One time I arrived in Heathrow from Tel Aviv and was trying to catch my flight to Dublin. I had two hours. I didn't make it. Heathrow security thought that terrorists are most likely to arrive from Tel Aviv and therefor did lots of long security checks on transfers arriving from Tel Aviv continuing to Dublin, i.e. me. I would have thought that any terrorist arriving from Tel Aviv in Heathrow would already have missed his chance!

A few weeks ago security personell in Hamburg, always trying to avoid racial profiling accusations by avoiding Muslims like the pest, picked me for a bag search event. They had me remove every single item from my carry-on and name it. That went well for a while until I opened a small pocket compartment, removed a book from it and said "prayer book". At that point they apparently realised that I might be a Muslim and they immediately ended the search and let me go. (I am not a Muslim and it was a Hebrew prayer book I carry with.)

All-in-all I find those security checks amusing. But I do think that Saudi-Arabia should pay for them.
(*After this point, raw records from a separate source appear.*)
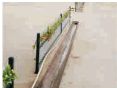
办公区与施工道路隔离

无锡市锡山实验小学（简称：锡山实小）位于无锡市锡东新城高铁商务区窗口地段，该工程是公司承建锡东高级中学后的又一配套公共建筑。总建筑面积31265平方米，结构形式为框架结构，工程规模60个班，于2013年10月18日正式开工。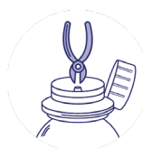
Schritt 2: Schneiden Sie den mittleren Teil des Stopfens so ab, dass eine Öffnung für die Spritze vorhanden ist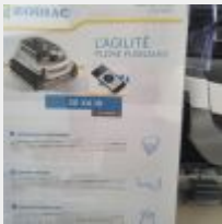
Lot n° 39 Robot ZODIAC 30XA IQ électrique Neuf (PV 1159,00 € TTC) Mise à prix : 250 €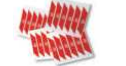
WA10 nalepki ostrzegawcze na ramię szlabanu (24 szt.) 80,00 98,40 brutto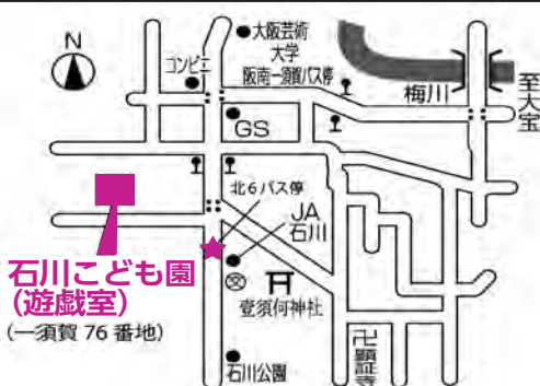
石川こども園(遊戯室) (一須賀76番地)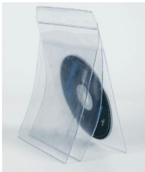
Pochette PVC 15/100 souple 3 volets pour 1 CD

Possibilité de rajouter des volets pour 2, 3 ou 4 CD (réf POMU2, 3, 4) Pour CD sans boîtier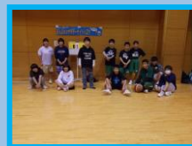
前回の様子(平成30年12月22日)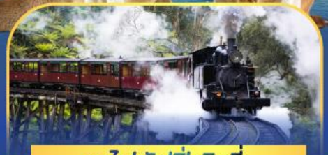
รถไฟพัพฟิงบิลลี่

ล่องเรือชมอ่าวซิดนีย์พร้อมรับประทานอาหารกลางวัน และ เข้าชมสวนสัตว์การองก้า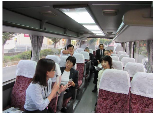
沿岸部の津波の被害地域を視察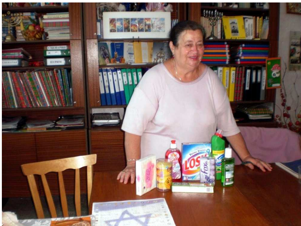
Pri preberaní hygienických vecí v kancelárii v Korsuni.

Informácie o účtoch nájdete na predposlednej strane časopisu alebo na www.chevra.sk . Použite var. symbol „777“ s textom LIEKY. Ďakujeme. Chevra tím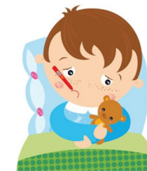
تب و بی حالی شایع است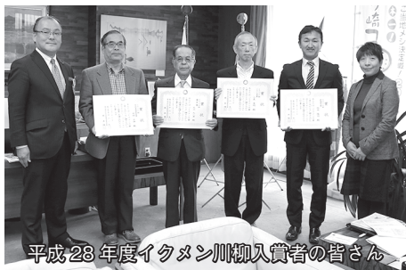
平成28年度イクメン川柳入賞者の皆さん

多くの方々に男女共同参画を身近なものとして考えていただくために、男性の子育て「イクメン・イクジイ」をテーマとする川柳を募集しました。幅広い年齢層から応募があり、219人が345句が寄せられました。入賞作品は市公式ホームページに掲載しています。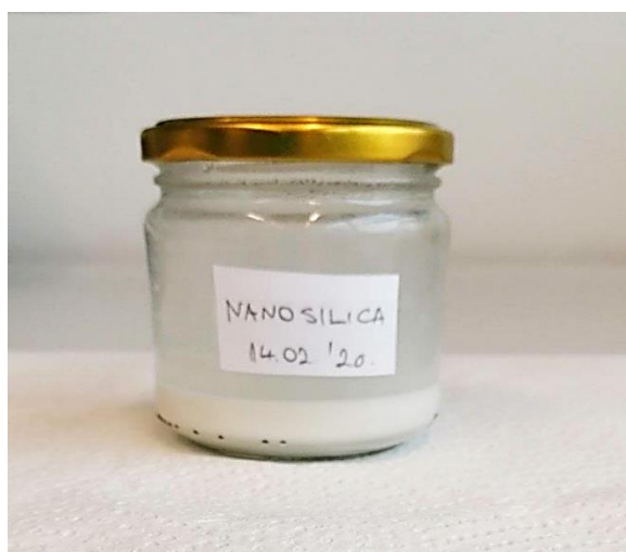
Slika 10. Pripremljena formulacija NanoS

Pripremljena formulacija NanoS čuvana je u staklenki obojanog stakla i držana u tami na sobnoj temperaturi do trenutka primjene.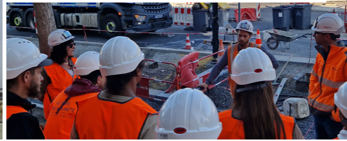
Offranville (76) – Remplacement d'éclairage public, Cegelec Sdem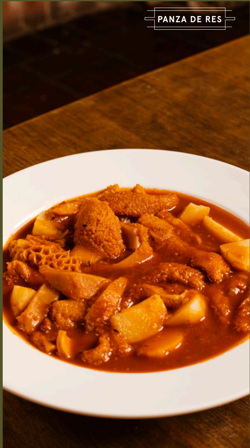
PANZA DE RES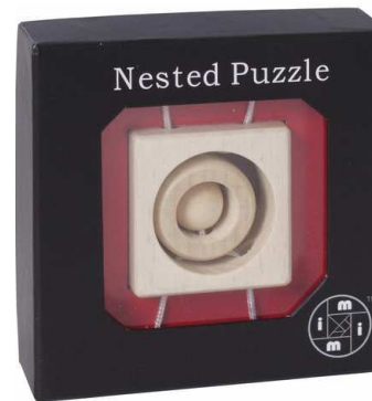
Mi Puzzle Nested Quadrat Artikelnr.: b9430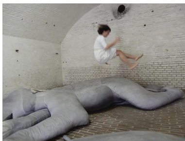
Come to me when thou hast seen the elephants dance, 2018 Katoen, Pigment, Schuim, Drie maal 340x240x60cm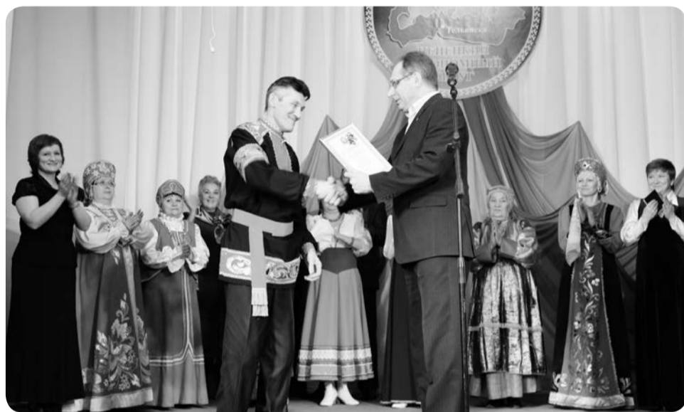
Глава Заполярного района поздравляет участников фестиваля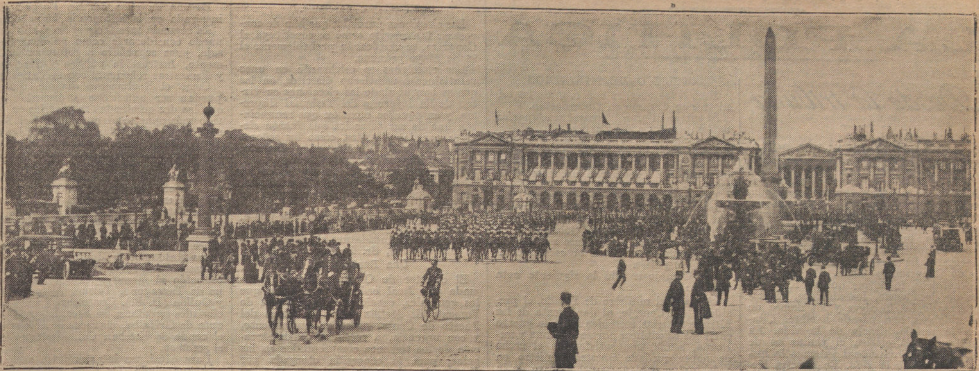
LOS REYES DE INGLATERRA EN PARÍS.—El cortejo real dirigiéndose a las maniobras de Vincennes, al pasar por la plaza de la Concordia.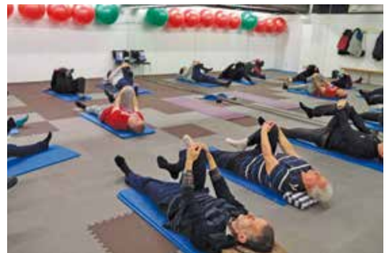
© Diferents moments d'una classe de ioga de l'entitat Tothicap. || CEDIDES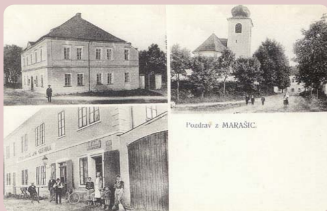
Nahoře: fotografie Morašic ze 40. let 20. století – pohled na ves od Lažan, stará budova obecné školy, kostel a Vodehnalův statek s hostincem.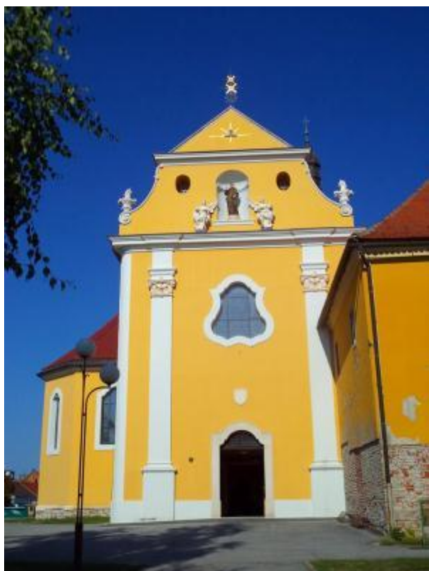
Slika 5: Zapadno pročelje crkve

zatvaraju kasetirane vratnice izrađene 1891. godine. 97 Iznad portala, u istoj osi, pročelje je rastvoreno velikim prozorskim otvorom koji osvjetljava pjevalište. Prozor je dinamičnog, kruškolikog oblika te je naglašen okvirom konkavno-konveksnih linija. Zona atike podijeljena je u dva dijela (sl. 6). U nižoj zoni nalazi se pravokutna polukružno zaključena niša sa skulpturom sv. Antuna Padovanskog prikazanog u franjevačkom habitu, s knjigom i ljiljanom u desnoj ruci. Nišu flankiraju kamene skulpture anđela na postamentima prikazanih u sjedećem položaju i raširenih krila. Sa strana niše zidnu plohu rastvaraju po jedan omanji ovalan prozor. Krajevi donje zone atike oblikovani su valovitom linijom koje u donjem dijelu završavaju volutom na koju je postavljen akroterij. U zabatnom polju atike nalazi se reljef Božjeg oka – oka prikazano u trokutu iz kojeg se šire zrake. Na vrhu pročelja nalazi se barokno oblikovano željezno raspelo.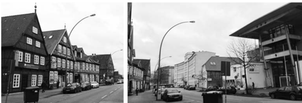
Fot. 11. Schloßstraße historyczne budynki mieszczące szkołę muzyczną, drobne usługi i gastronomię, po prawej nowoczesne centrum innowacji i przedsiębiorczości TUTECH

Binnenhafen mozaiki programów miejskich 27 . Rozwój metrozony postępuje sukcesywnie na podstawie ustaleń masterplanów sformułowanych na bazie konkursów urbanistycznych i wyników procesu konsultacyjno-negocjacyjnego. Program nowego zagospodarowania dawnego dworca towarowego Güterbahnhofs-gelände (konkurs 2000) 28 zakłada wprowadzenie zróżnicowanej typologii zabudowy mieszkaniowej, która z tematem pracy połączona została dzięki adaptacji i uzupełnieniom struktur dawnych magazynów na funkcje biurowe (fot. 12). Ich wizerunkową rolę podkreślono w sylwecie, w której czytelne są dominanty krajobrazowe trzech biurowców Channel Tower (2002), Keispeicher am Binnenhafen (2003) oraz Das Silo (2004) 29 – ikoniczny dawny silos zbożowy mieszczący dziś międzynarodowe centrum biznesu (fot. 13).

After all, they paid large amounts of money to the people who made them necessary, and why should they be excused from from fixing what they broke?

 

on Sep 08, 2009

They need to look at the passenger manifest and see if there are any Islamic people on board. If theres none... were all safe no matter what we're carrying.

on Sep 09, 2009

Better google Lockerbee if you are serious

on Sep 09, 2009

Note that this was stopped by passengers on the plane that noticed suspicious activity and took appropriate action and not by any sort of screening by the TSA.
Yes - some people on a leisure trip they paid for had to save their asses from being blown up.

That is EXACTLY why they have to check your shoes - so you don't pay for a survival horror with one life only, but for a safe trip from A to B.